• _Material provided_:
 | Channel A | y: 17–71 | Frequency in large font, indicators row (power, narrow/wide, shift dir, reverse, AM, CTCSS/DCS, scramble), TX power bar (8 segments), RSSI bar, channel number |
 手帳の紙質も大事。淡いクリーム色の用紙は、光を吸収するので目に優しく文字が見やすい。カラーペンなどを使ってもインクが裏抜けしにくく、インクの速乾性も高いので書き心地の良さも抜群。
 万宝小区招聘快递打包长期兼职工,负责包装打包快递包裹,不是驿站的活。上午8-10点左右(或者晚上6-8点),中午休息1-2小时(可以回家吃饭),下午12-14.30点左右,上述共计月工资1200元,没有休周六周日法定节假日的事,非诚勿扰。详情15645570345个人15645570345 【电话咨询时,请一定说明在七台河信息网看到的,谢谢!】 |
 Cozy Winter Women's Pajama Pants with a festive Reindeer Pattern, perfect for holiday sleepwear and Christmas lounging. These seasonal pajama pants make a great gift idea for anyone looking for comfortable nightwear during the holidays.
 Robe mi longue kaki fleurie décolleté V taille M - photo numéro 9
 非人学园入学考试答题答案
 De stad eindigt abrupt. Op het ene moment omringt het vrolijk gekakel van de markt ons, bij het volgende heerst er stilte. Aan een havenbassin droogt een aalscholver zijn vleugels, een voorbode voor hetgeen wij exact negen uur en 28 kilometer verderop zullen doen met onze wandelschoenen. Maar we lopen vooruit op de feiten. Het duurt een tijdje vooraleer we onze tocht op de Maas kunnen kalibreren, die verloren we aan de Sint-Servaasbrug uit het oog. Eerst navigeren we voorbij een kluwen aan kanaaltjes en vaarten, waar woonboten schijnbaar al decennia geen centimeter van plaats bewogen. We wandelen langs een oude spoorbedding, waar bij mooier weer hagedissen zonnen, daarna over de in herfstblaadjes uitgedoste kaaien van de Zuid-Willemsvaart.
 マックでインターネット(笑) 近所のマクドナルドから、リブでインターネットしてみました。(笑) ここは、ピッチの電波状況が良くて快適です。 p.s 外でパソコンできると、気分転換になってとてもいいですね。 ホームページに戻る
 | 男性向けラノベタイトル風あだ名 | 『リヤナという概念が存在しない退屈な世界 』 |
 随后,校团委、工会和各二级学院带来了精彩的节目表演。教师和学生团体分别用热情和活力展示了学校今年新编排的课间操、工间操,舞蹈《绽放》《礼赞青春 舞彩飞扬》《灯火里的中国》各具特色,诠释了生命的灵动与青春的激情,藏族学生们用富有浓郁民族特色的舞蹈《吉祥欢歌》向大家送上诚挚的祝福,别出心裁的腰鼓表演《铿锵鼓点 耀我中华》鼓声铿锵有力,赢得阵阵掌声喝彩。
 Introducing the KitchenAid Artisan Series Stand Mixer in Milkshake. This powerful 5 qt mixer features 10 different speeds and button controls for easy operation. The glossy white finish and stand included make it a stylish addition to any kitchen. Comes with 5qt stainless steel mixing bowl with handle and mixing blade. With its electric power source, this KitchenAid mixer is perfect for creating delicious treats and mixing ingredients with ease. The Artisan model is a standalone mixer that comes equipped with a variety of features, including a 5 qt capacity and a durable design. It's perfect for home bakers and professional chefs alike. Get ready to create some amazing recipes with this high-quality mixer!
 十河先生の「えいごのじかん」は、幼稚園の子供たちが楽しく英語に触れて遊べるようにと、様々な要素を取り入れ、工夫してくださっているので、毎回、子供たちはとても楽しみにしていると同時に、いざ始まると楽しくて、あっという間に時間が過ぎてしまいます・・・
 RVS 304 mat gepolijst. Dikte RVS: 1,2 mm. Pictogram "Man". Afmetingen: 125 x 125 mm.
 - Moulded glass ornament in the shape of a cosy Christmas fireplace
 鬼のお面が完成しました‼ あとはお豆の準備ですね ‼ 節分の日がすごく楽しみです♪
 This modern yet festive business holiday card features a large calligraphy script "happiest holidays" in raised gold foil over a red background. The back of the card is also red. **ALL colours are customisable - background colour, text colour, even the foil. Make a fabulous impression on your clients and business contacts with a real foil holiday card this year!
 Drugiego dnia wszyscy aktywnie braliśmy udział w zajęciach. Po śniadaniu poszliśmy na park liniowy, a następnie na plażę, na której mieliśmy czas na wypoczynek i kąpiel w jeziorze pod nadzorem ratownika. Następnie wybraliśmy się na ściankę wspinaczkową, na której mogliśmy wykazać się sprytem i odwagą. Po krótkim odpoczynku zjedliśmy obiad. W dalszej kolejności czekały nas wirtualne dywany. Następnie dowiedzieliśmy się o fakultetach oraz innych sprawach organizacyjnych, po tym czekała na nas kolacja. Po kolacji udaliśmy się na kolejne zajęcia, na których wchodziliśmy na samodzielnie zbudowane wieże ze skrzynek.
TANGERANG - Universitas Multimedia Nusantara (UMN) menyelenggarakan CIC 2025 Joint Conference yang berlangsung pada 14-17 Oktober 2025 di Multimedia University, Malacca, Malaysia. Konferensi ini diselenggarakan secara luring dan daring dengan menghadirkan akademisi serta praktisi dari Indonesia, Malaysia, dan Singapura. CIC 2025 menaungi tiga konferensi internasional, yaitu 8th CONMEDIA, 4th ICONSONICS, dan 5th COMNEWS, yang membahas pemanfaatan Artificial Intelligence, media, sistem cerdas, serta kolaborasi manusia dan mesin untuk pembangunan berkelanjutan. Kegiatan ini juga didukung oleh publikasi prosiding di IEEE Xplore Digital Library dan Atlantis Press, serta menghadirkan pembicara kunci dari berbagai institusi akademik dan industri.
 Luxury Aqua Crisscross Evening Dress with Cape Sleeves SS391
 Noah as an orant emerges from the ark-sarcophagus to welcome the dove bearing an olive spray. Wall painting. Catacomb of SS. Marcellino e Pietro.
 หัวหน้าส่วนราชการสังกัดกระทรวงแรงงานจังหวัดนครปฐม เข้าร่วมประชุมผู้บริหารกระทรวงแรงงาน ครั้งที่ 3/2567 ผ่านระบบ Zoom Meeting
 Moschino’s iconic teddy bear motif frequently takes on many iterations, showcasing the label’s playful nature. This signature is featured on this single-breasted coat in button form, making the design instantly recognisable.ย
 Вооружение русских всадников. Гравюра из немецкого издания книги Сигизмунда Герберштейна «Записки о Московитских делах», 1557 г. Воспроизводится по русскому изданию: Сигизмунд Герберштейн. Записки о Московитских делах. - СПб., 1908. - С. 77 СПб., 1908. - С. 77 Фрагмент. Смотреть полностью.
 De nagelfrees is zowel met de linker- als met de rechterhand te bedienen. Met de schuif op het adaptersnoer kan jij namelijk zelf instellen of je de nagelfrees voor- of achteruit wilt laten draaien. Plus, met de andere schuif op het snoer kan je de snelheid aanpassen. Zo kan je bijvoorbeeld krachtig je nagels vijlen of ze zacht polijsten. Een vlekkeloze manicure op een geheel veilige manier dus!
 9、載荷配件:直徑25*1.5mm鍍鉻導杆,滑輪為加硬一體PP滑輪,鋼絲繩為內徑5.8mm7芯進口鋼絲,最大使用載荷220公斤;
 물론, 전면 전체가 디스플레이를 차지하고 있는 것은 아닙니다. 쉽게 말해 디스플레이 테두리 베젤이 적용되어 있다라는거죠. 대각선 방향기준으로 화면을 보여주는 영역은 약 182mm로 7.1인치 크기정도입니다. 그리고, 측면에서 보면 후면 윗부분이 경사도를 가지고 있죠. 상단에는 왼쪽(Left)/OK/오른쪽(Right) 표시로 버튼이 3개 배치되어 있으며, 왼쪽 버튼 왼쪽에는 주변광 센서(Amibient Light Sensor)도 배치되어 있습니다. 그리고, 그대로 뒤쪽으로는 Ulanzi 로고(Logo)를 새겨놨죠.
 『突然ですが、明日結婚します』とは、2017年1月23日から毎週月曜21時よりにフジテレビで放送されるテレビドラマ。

• _Brief_: Retype, exactly and in full, the lines above from the one containing "Robe mi longue" through the one containing "非人学园入学考试答题答案".

• _Final answer_:
 Robe mi longue kaki fleurie décolleté V taille M - photo numéro 9
 非人学园入学考试答题答案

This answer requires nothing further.